2014-08-03 Thread Duncan
Felix Miata posted on Sun, 03 Aug 2014 07:41:09 -0400 as excerpted:

> On 2014-08-03 05:40 (GMT-0400) Duncan composed:
> 
>> If you can't get gwenview behaving as you like,
>> try gimv and see if it works better for you.
> 
> The trackballs I own have no middle button, while keeping track of
> meanings of middle according to context is something I've never been
> able to manage, not to mention the difficulty of striking two buttons
> simultaneously.

Generally, striking one and holding it down, then the other, within a 
certain (IIRC configurable) period, then let them up within a reasonably 
close approximation to simultaneously, is enough.  They don't have to be 
clicked /exactly/ at the same time.

I've actually been a bit surprised at how well it works, but it does.

> I have many installations, making the complicated options (multiple
> displays,
> mapping) much too much trouble to contemplate.

Yes, that wouldn't work for everyone.  It's just what works for me.  And 
on my netbook, I generally want the zoom-to-fit, so that too works just 
fine for me.

> Whatever version is whatever version, as most are whatever Cauldron,
> Factory or Rawhide offer. 4.13.80 just happened to be the one I wanted
> to view some images with.
> 
> I've been able to find no decent keyboards made since the early '90s.
> All I have were made before Win keys existed. "Decent" is defined to
> mean function keys where they belong, where one hand's fingers can hit
> any combination of Fn/Shift/Alt/Ctrl easily.

"Decent" means different things to different people.  Here, it's not 
"decent" unless it's an ergonomically split "wave" keyboard.  But FWIW I 
did try an MS branded one (wireless) at some point and it was 
/horrible/.  I've stuck with Logitech since.

Anyway, there's other mappings possible.  I use a bit different mappings 
on my netbook, for instance, as some of its keys are already dual-key 
mapping (Fn-Home, for example).

But definitely a few "extra" keys, including an extra modifier generally 
not used by built-in mappings for individual apps, which is what the win/
super/meta key ends up being, certainly help.  That allows that modifier 
key to be mapped to global "window" functions as there's little danger of 
a global shortcut conflicting with something app-specific, that way.

> Looks like it has worked in v4 previously:
> https://bugs.kde.org/show_bug.cgi?id=291759
> 
> While gimv might be better than "Gwenview", KDE3's Gwenview clearly is,
> because when 100% is selected, that's the way it stays until another
> selection is made.
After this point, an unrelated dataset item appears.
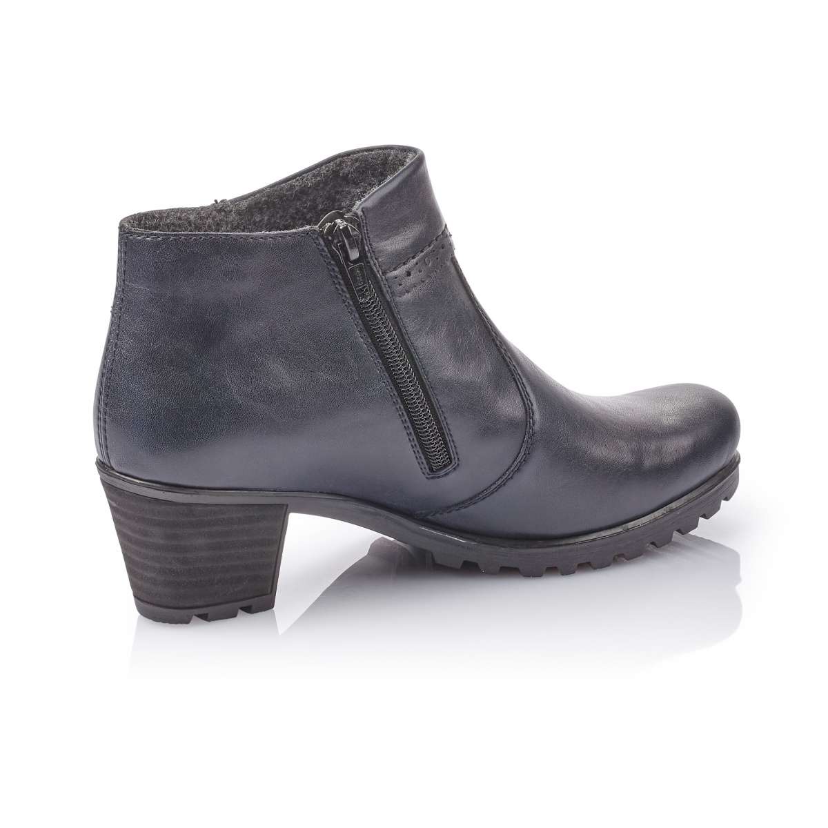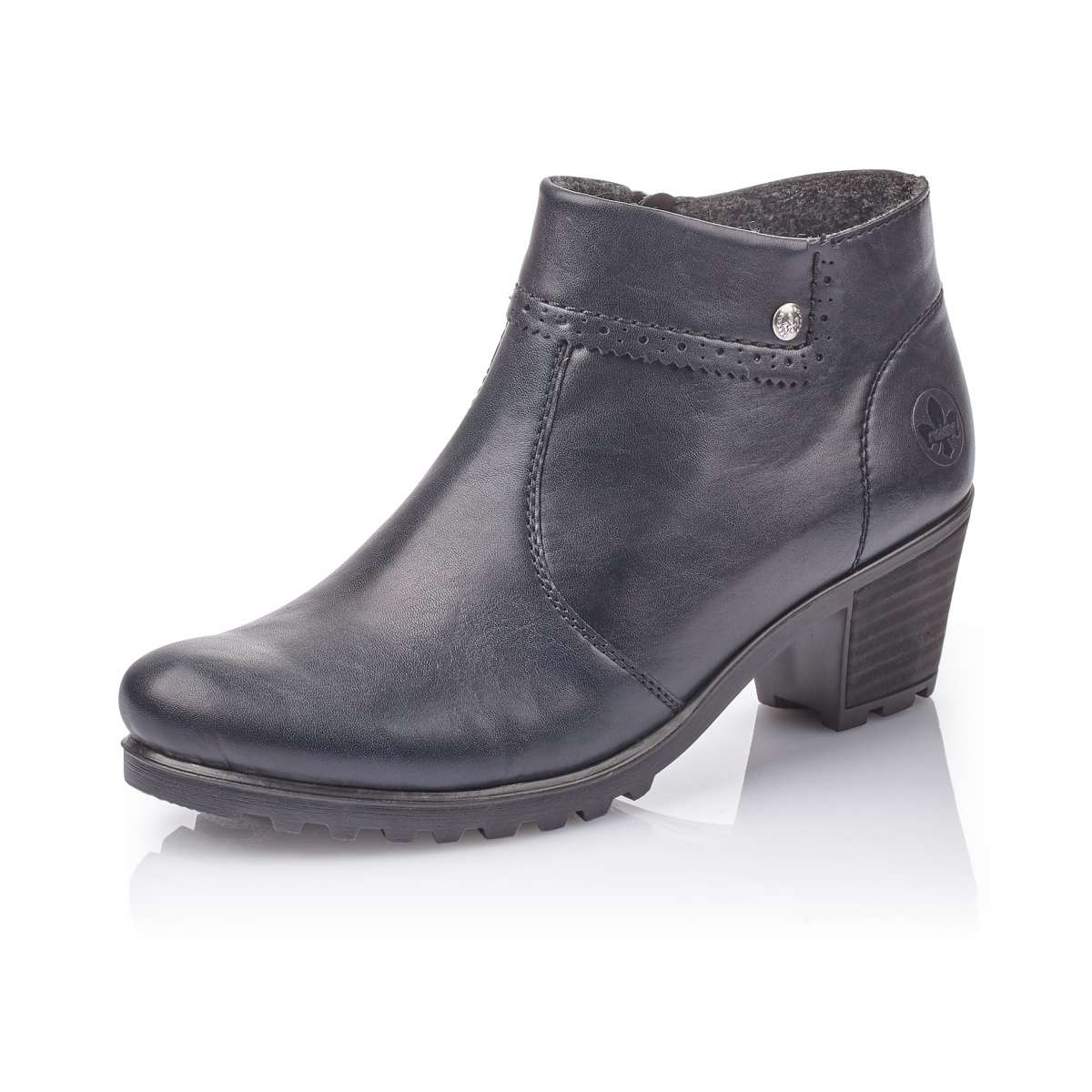 Elegantní kotníkové boty značky Rieker hladkého povrchu mají jednoduché prošití a krásné zdobení jemnou povrchovou perforací, která neprochází skrz celou tloušťku materiálu v nejvyšší části nártu. Obouvání Vám usnadní funkční zip z vnitřní strany. V chladných zimních dnech jistě oceníte zateplení Velur, které se vyznačuje různými druhy textilií s krátkým vlasem. Tento pohodlný vzor unosíte například do práce a sladíte skvěle k jakémukoliv outfitu.

Apparently I'm not the only one who thinks selecting
> 100% ought to be sticky:
> https://bugs.kde.org/show_bug.cgi?id=334530

I agree, which is one reason I had to switch to gimv for awhile.  It just 
so happens that in my case, the window can be made large enough that in 
most cases 100% is smaller than the window, such that gwenview's checkbox 
for that option works and I can actually have 100% by default.  Were it 
to work the other way and the checkbox applied only to larger-than-window 
images, I'd have to find another alternative, just as I did when gwenview 
lost sticky 100% on small images until they restored it with that checkbox 
option.

And as I said, I already apply zoom-step patches to gwenview.  If that 
checkbox option disappeared again and zoom-to-fit became the hard-coded 
default for small images, I might end up trying to diff and patch that as 
well.  (While I don't claim to be a coder, it's nice to have at least 
/limited/ ability to read code and to apply patches.  It just struck me 
how much I simply assume that I have sources available and /can/ do that, 
these days.  Quite a difference from back before the turn of the century 
when I used proprietary servantware, for sure!)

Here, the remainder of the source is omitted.